4 Replies Latest reply on May 7, 2003 10:35 PM by jonlee

    why jboss-tomcat?

    gshilpa

      guys..
      i have a big doubt & will be grateful to anybody who can help me with this one.

      i am working with jboss-tomcat4.1 bundle.
      for any web-application i need to make a war & deploy it in jboss's deploy folder.
      so ultimately i use jboss's server to run any application.
      Then what is the advantage of having tomcat bundled with jobss.

        • 1. Re: why jboss-tomcat?
          jonlee

          JBoss is a lot of things, including an EJB container but it is not a servlet container. When you deploy a WAR to JBoss, it only performs the task of deploying the web application to the servlet container - depending on your distribution, the web application will be farmed off to Tomcat or Jetty or even Resin. The servlets, the JSPs and the static content will be handled by the embedded servlet container.

          • 2. Re: why jboss-tomcat?
            vdreamer

            That still doesn't answer the question of why tomcat?
            If jboss has a built in http server (JbossWEB , Jetty) then why tomcat?

            • 3. Re: why jboss-tomcat?
              vdreamer

              That still doesn't answer the question of why tomcat?
              If jboss has a built in http server (JbossWEB , Jetty) then why tomcat?
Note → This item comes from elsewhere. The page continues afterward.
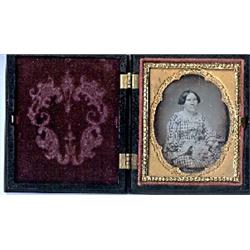 1/9 plate daguerreotype in scalloped mat, seated woman with bracelets, her hands clasped on her lap

              • 4. Re: why jboss-tomcat?
                jonlee

                So you have a choice of servlet containers. Tomcat is the Sun reference implementation, so you may want features that don't necessarily appear in Jetty. There is even a Resin plug-in if you want to have Resin as your embedded servlet container. Resin has persistent sessions, Tomcat has experimental persistent sessions and Jetty doesn't currently support persistent sessions - so the choices folks make are going to be based on their needs.

                JBoss has as the standard JBossWEB install an embedded Jetty container.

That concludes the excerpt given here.